The \(\chi^2\)-test now offers a convenient way of quantifying the differences between the two tables above. It measures how much the observed frequencies deviate from the expected frequencies for each cell in a contingency table (cf. Heumann, Schomaker, and Shalabh 2022: 249-251). The gist of this procedure is summarised in Equation 2.

\[ \text{Chi-squared } \chi^2 =\frac{(\text{observed} - \text{expected})^2}{\text{expected}} \tag{2}\]

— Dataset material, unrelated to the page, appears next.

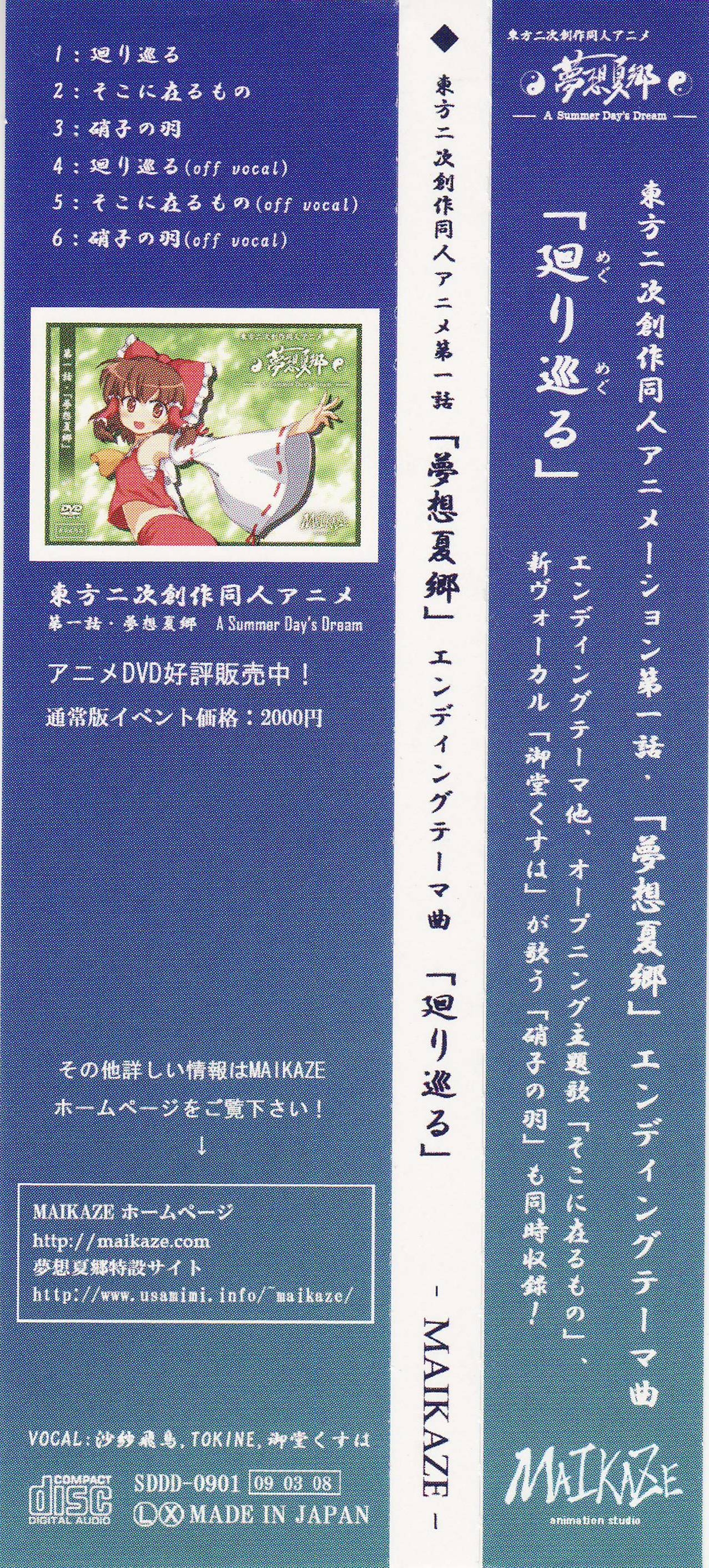 Reitaisai 6 release. Contains the ending and opening themes to MAIKAZE's doujin Touhou anime project, plus a new song by Kusuha Mido.
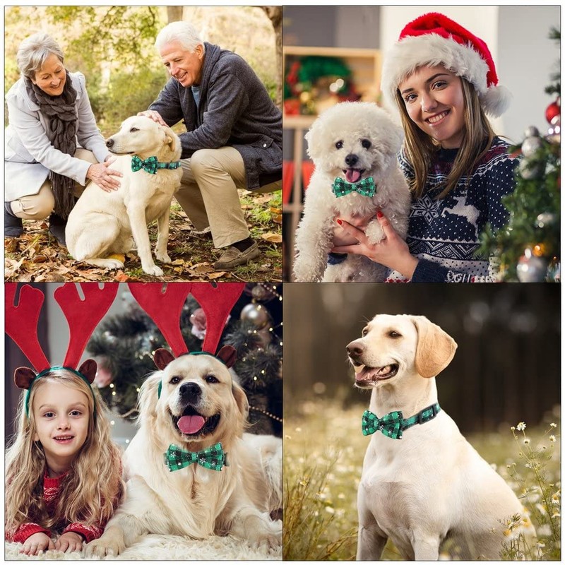 Asvin Christmas Dog Collar, with Bow tie Collar, Soft, Comfortable and Adjustable, For Dogs Small Medium Large Christmas (M, Green)

Let \(I\) denote the total number of rows and \(J\) the total number of columns, with degress of freedom equal to \((I-1) \cdot (J-1)\). We compute the joint squared deviations between \(f_{ij}\) and \(e_{ij}\) for every row-column combination:

\[ \chi^2 = \sum_{i=1}^{I}\sum_{j=1}^{J}{\frac{(f_{ij} - e_{ij})^2}{e_{ij}}} \tag{3}\]

A visual representation is given in the table below.

\(X\)
\(x_1\) \(x_2\) … \(x_j\)
\(y_1\) \(\frac{(f_{11} - e_{11})^2}{e_{11}}\) \(\frac{(f_{12} - e_{12})^2}{e_{12}}\) … \(\frac{(f_{1j} - e_{1j})^2}{e_{1j}}\)
\(y_2\) \(\frac{(f_{21} - e_{21})^2}{e_{21}}\) \(\frac{(f_{22} - e_{22})^2}{e_{22}}\) … \(\frac{(f_{2j} - e_{2j})^2}{e_{2j}}\)
\(Y\) … … … … …
\(y_i\) \(\frac{(f_{i1} - e_{i1})^2}{e_{i1}}\) \(\frac{(f_{i2} - e_{i1})^2}{e_{i2}}\) … \(\frac{(f_{ij} - e_{ij})^2}{e_{ij}}\)

The implementation in R is a simple one-liner. Keep in mind that we have to supply absolute frequencies to chisq.test() rather than percentages.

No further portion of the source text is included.